A Convolutional Neural Network (CNN) is a type of feed-forward network that learns to perform tasks such as classification by optimizing its parameters (features). For each input, the network performs a forward pass, computing the outputs of each layer and storing intermediate activations. The loss is then calculated using the chosen loss function. During Backpropagation, the network updates its parameters using a gradient descent algorithm, moving toward a (local) minimum of the loss.

The network in this guide, referred to as the “Simple CNN”, consists of 6 layers: 2 convolutional layers, 2 pooling layers, and 2 fully-connected layers. It also employs dropout and batch normalization to improve generalization and training stability.

Layers

In Convolutional Neural Network there are several types of layers, we will discuss the types that are relevant to our SimpleCNN model.

Fully-Connected Layer

fc_cnn The Fully Connected (FC) layer consists of weights and biases, where every neuron in the output layer is connected to every neuron in the input layer through these weights.

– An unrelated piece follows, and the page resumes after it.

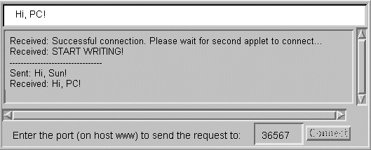 example/TalkServer.javaandexample/TalkServerThread.javaAfter compiling both files, you can run the server on the applets' originating host by invoking the interpreter on theTalkServerclass.The instructions for running the server are just like those for the previous example. Run the server on the applets' originating host, recording the port number the applets should rendezvous on. then initialize both applets (which can be running on different machines) to talk to the server port number. After this initialization is complete, type into each applet and press the Return key to send the message to the other applet.

(In the image, the input layer is shown in blue, the output layer in red, and the connecting arcs represent the weights.)

In this structure, each output neuron is influenced by all input neurons according to the corresponding weights. After this linear combination, a non-linear activation function is applied. The goal in this layer is to optimize both the weights and the biases. The formula below shows how to compute the $j-th$ output:

$$y_{j} = h \bigg( \sum_{i=1}^n w_{ji} x_i + w_{j0} \bigg)$$

A network consisting solely of Fully-Connected Layers is called Multilayer perceptron.

Convolutional Layer

conv_cnn

The convolutional layer is a fundamental building block of a CNN. It performs a dot product between two matrices: one is the kernel (or filter), which contains learnable parameters, and the other is a portion of the layer’s input. The parameters to optimize in this layer are the kernels themselves.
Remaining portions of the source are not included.